文摘Dose-response studies in arthropod research usually involve observing and collecting successive information at different times on the same group of insects exposed to different concentrations of stimulus. When the same measure is collected repeatedly over time, the data become correlated and Probit Analysis technique which is the standard method in analyzing bioassay experiments data cannot be used. Lethal time is estimated when the speed of kill is of interest since mortality varies over time. We evaluate a complementary approach, repeated measures logistic regression using Generalized Estimating Equations (GEE), for lethal time determination in mosquito dose response. Mortality data from anopheles larva exposed to 3 botanical extracts (B,C,E) at 4 concentration levels: 500 mg/ml, 250 mg/ml, 50 mg/ml and 12.5 mg/ml were used.
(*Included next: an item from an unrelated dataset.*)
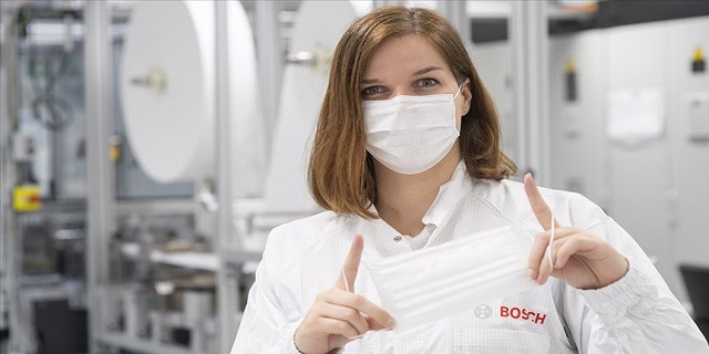 Bosch'tan yapılan açıklamaya göre, Bosch Yönetim Kurulu Başkanı Dr. Volkmar Denner, Stuttgart-Feuerbach'daki Bosch fabrikasında ilk özel yüz maskesi üretim hattını açtı.

The result shows the estimated LT50 values with concentration 500 mg/ml being the most virulent chemical for extract B (LT50 = 10.3 hrs), C (LT50 = 7.2 hrs) and E (LT50 = 10.3 hrs). The least virulent chemical was concentration 12.5 mg/ml for extract B (LT50 = 52.1 hrs), C (LT50 = 70.7 hrs) and E (LT50 = 55.0 hrs). We conclude that repeated measures of logistic regression via GEE can be used as a tool to estimate LT50 more effectively in repeated measures of arthropod data.